Kryder was elected a member of the National Academy of Engineering in 1994 for contributions to the understanding of magnetic domain behavior and for leadership in information storage research.

He is known for "Kryder's law", an observation from the mid-2000s about the increasing capacity of magnetic hard drives.

==Kryder's law projection==
A 2005 Scientific American article, titled "Kryder's Law", described Kryder's observation that magnetic disk areal storage density was then increasing at a rate exceeding Moore's Law. The pace was then much faster than the two-year doubling time of semiconductor chip density posited by Moore's law.

Inside of a decade and a half, hard disks had increased their capacity 1,000-fold, a rate that Intel founder Gordon Moore himself has called "flabbergasting."
— Kryder's Law

In 2005, commodity drive density of 110 Gbit/in^{2} (170 Mbit/mm^{2}) had been reached, up from 100 Mbit/in^{2} (155 Kbit/mm^{2}) circa 1990. This does not extrapolate back to the initial 2 kilobit/in^{2} (3.1 bit/mm^{2}) drives introduced in 1956, as growth rates surged during the latter 15-year period.

In 2009, Kryder projected that if hard drives were to continue to progress at their then-current pace of about 40% per year, then in 2020 a two-platter, 2.5-inch disk drive would store approximately 40 terabytes (TB) and cost about $40.

The validity of the Kryder's law projection of 2009 was questioned halfway into the forecast period, and some called the actual rate of areal density progress the "Kryder rate". As of 2014, the observed Kryder rate had fallen well short of the 2009 forecast of 40% per year. A single 2.5-inch platter stored around 0.3 terabytes in 2009 and this reached 0.6 terabytes in 2014. The Kryder rate over the five years ending in 2014 was around 15% per year. To reach 20 terabytes by 2020, starting in 2014, would have required an implausibly high Kryder rate of better than 80% per year.

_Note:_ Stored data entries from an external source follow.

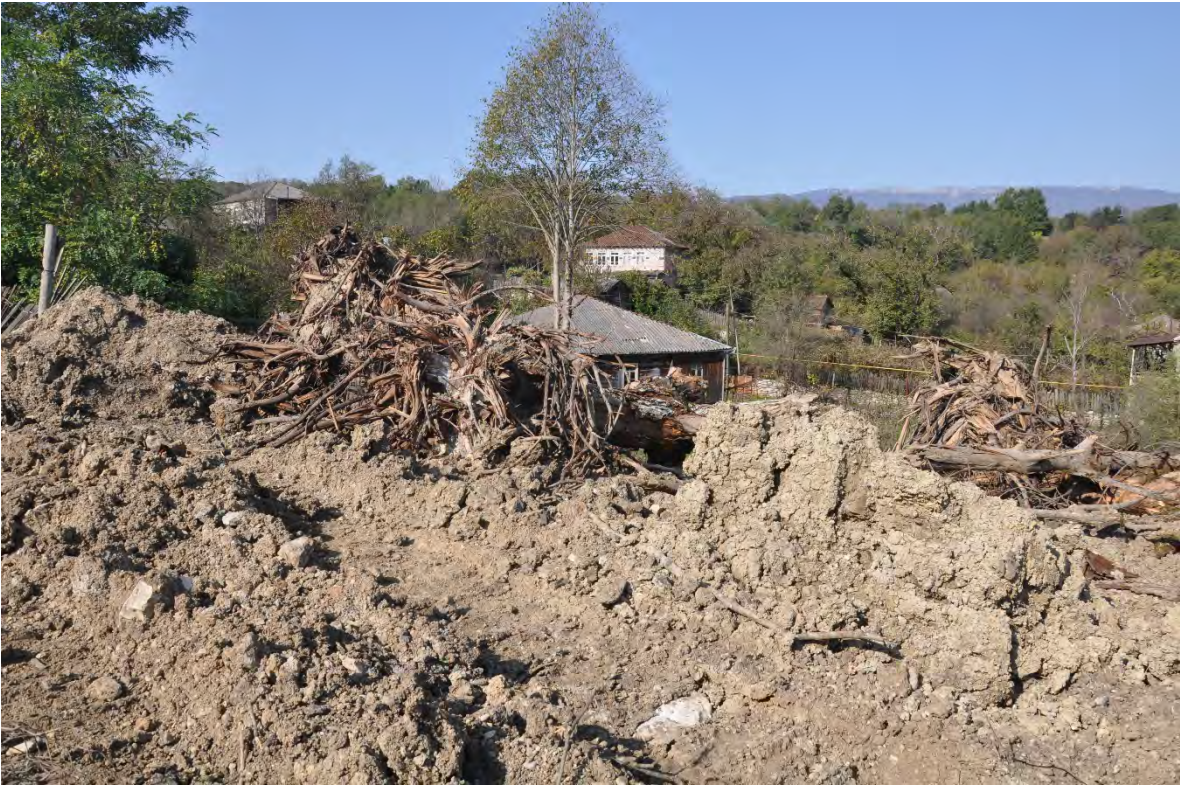
68. სოფ. დარკვეთი. ღია კარიერული მოპოვება სახლებთან ახლოს.
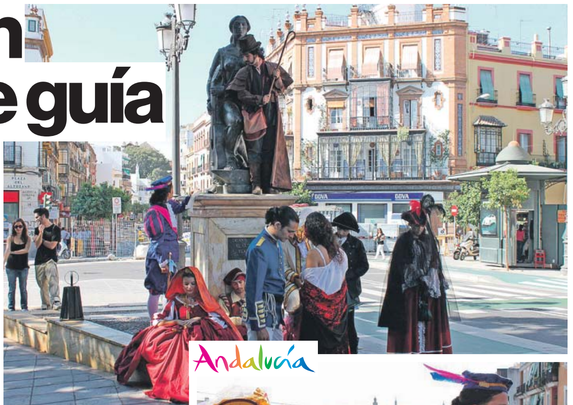
Cada 31 de octubre se representa la obra de José Zorrilla en la ciudad.

En la Calle de Calatrava se encuentra el convento donde Inés estaba internada y su rapto ocurre en la plaza de Santa Marta. En el mismo barrio se puede visitar la casa de su padre.
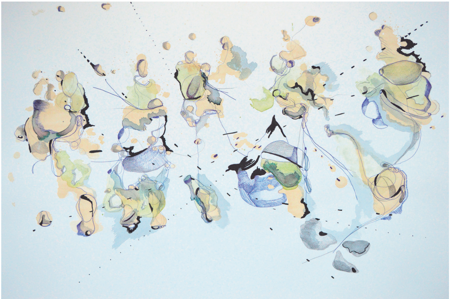
Familia, 2023. Mischtechnik auf Aquarellpapier (Bleistift, Kugelschreiber, Marker, Kaffee) / Mixed media on watercolor paper (pencil, ballpoint pen, marker, coffee). 60 x 50 cm
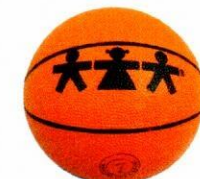
VO0033 piłka do koszykówki 7
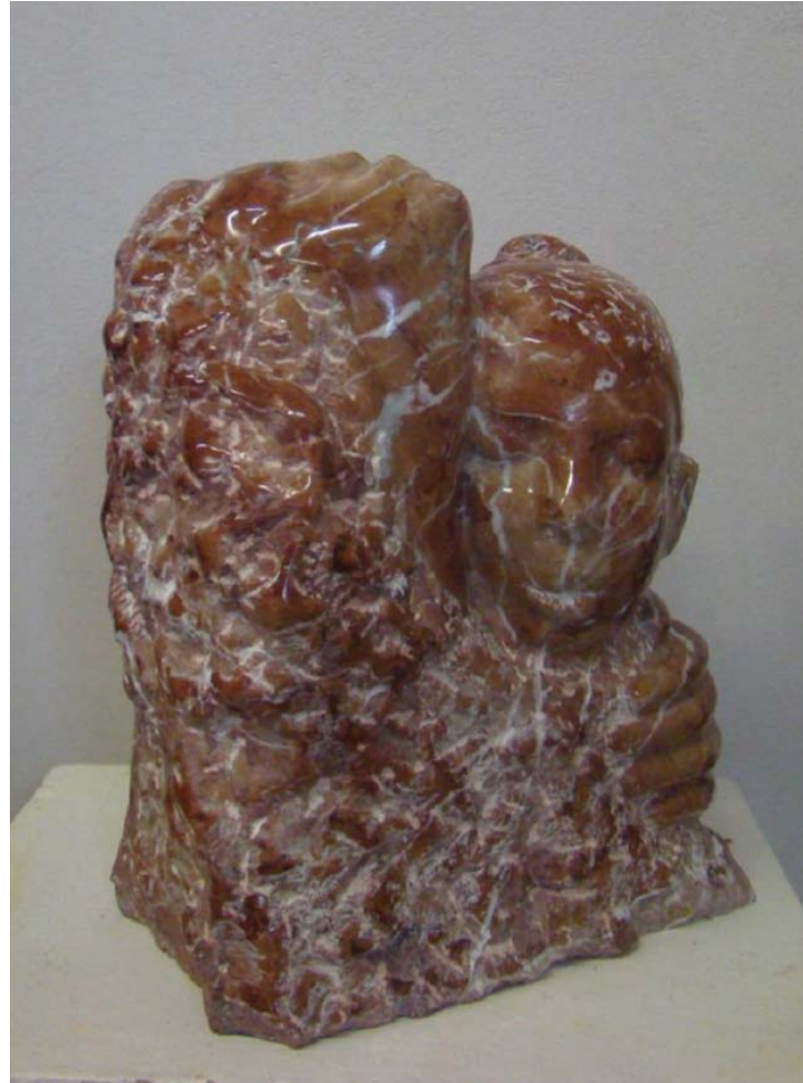
Dy Vajza - 25x17x31cm - Mermeri nga Vorarlberg - 2011
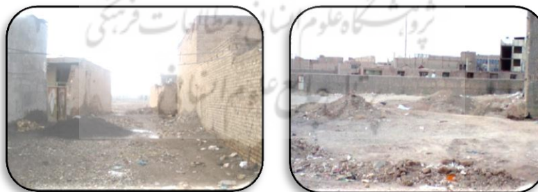
شکل ۲. وضعیت کیفیت مسکن محله از نگاه تصاویر
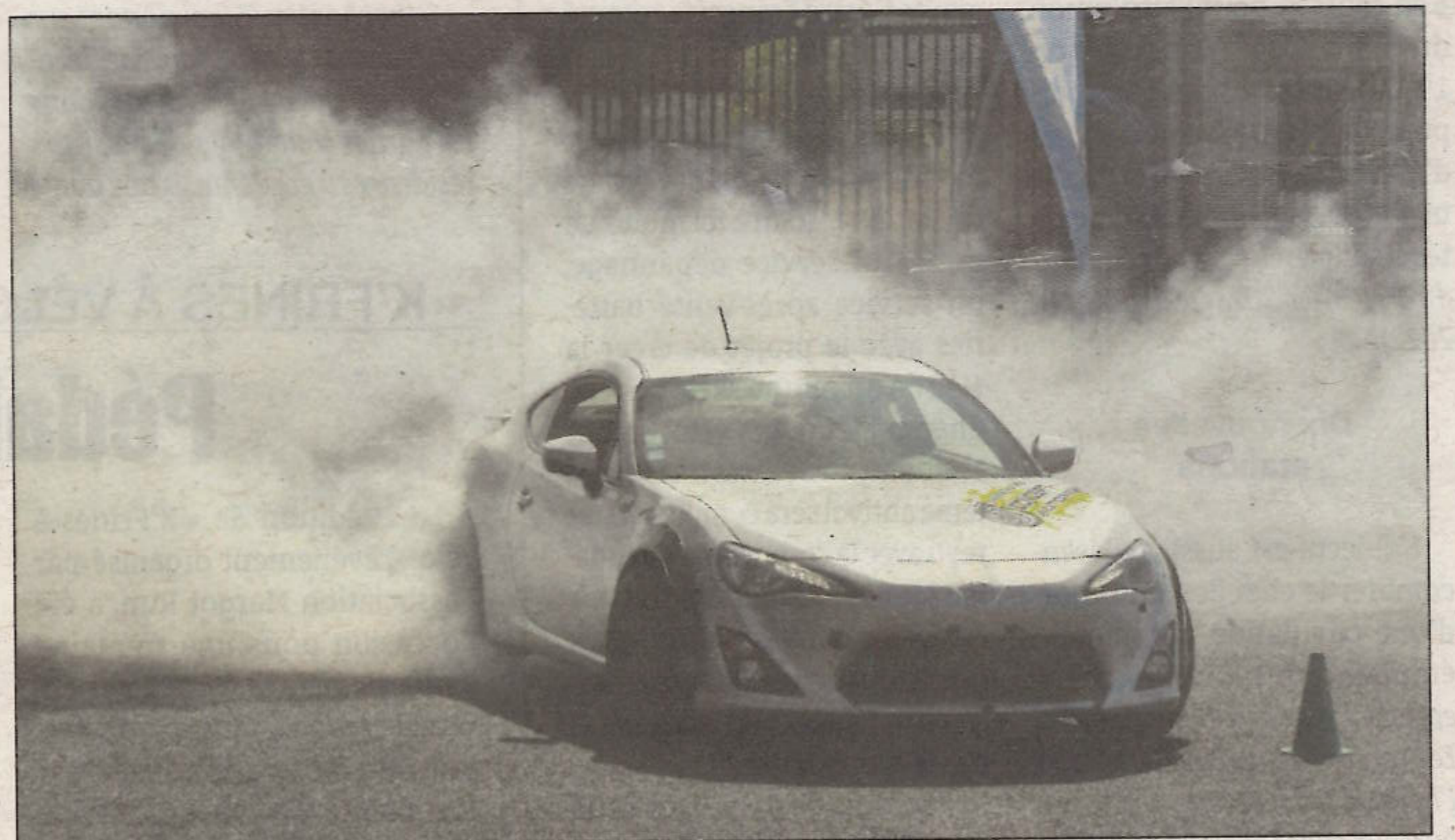
Démonstration de drift.
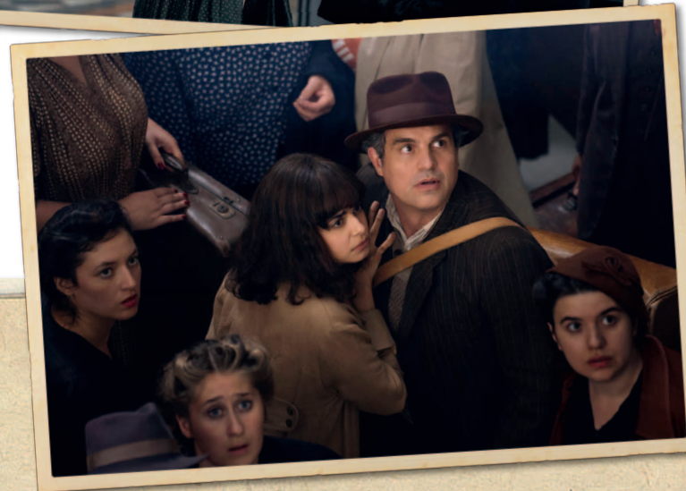
Oben: Die junge Marie-Laure (Nell Sutton) mit ihrem Vater (Mark Ruffalo) im Museum. Unten: Die ältere Marie-Laure (Aria Mia Loberti) und ihr Vater versuchen, das besetzte Paris per Zug zu verlassen.
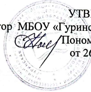
График работы консультационного пункта филиала МБОУ «Гуринская СОШ» «Детский сад д.Мижужева» на 2025-2026 учебный год
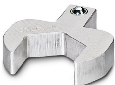
Clé de serrage spéciale, série: RF

https://www.phoenixcontact.com/fr/produits/1614347
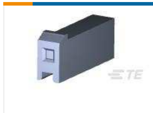
TE Teilnr.:640250-1 01P SL156 HSG W/LCK RAMP NATL
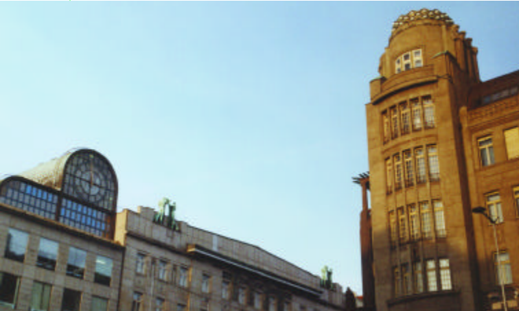
Koruna [46] had niet misstaan in de filmstad van Batman

Het Wenceslasplein is in feite een boulevard, zo'n 700 meter lang. Dit was het plein waar in 1989 de burgers van Praag demonstreerden tegen de toenmalige regering. De roep om verandering kwam van onder andere Charta '77, de katholieke kerk en het later ontstane Burgerforum. De Fluwelen Revolutie eindigde ermee dat de toneelschrijver Václav Havel op 29 december 1989 tot president gekozen werd.
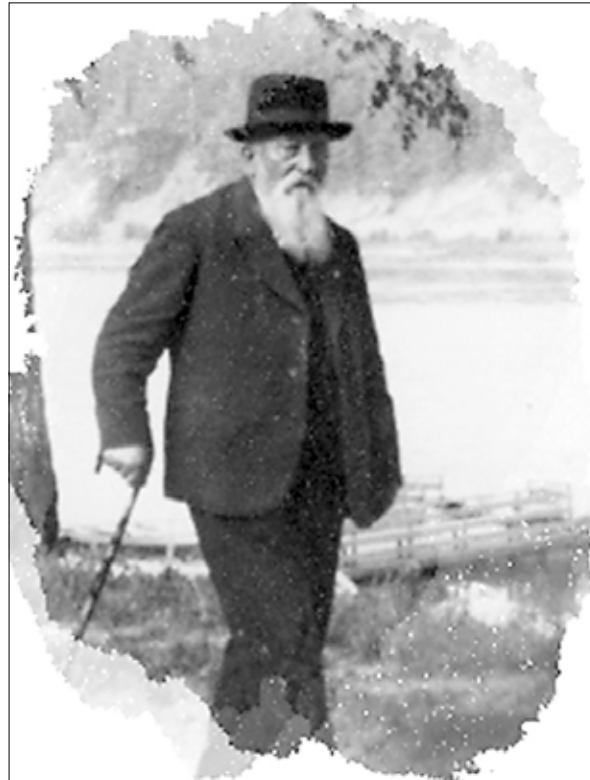
► Martynas Jankus (1858-1946)

apšvietos lygmeniu mažlietuvių pranoko savo tautiečius Didžiojoje Lietuvoje; skirtingos buvo ir religinės konfesijos.
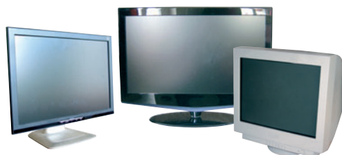
TÉLÉVISEURS / MONITEURS
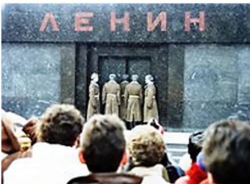
Londen - Jeremy Bentham

Een apart verhaal zijn de vele mummies, die onder kerken en in crypten zijn aangetroffen. Toen er nog in kerken werd begraven, d.w.z. onder de kerk, waren de klimatologische omstandigheden daar vaak zo gunstig dat er spontaan mummificatie plaatsvond: zeer droge lucht, een luchtstroom en geringe temperatuurswisselingen.

By 2019, it was observed that Kryder's law "has proven to be outdated as the cost of media storage is decreasing at a slower pace than in the past and is now stabilising."

==Awards and honors==

Mark H. Kryder is an elected member of the National Academy of Engineering, a Fellow of the American Physical Society. and a Fellow of the Institute of Electrical and Electronics Engineers (IEEE). He was Distinguished Lecturer for the IEEE Magnetics Society, and has been awarded the IEEE Magnetics Society Achievement Award and IEEE Reynold B. Johnson Information Storage Systems Award. Kryder received the Pingat Bakti Masyarakat from Singapore in their 2007 National Day Awards.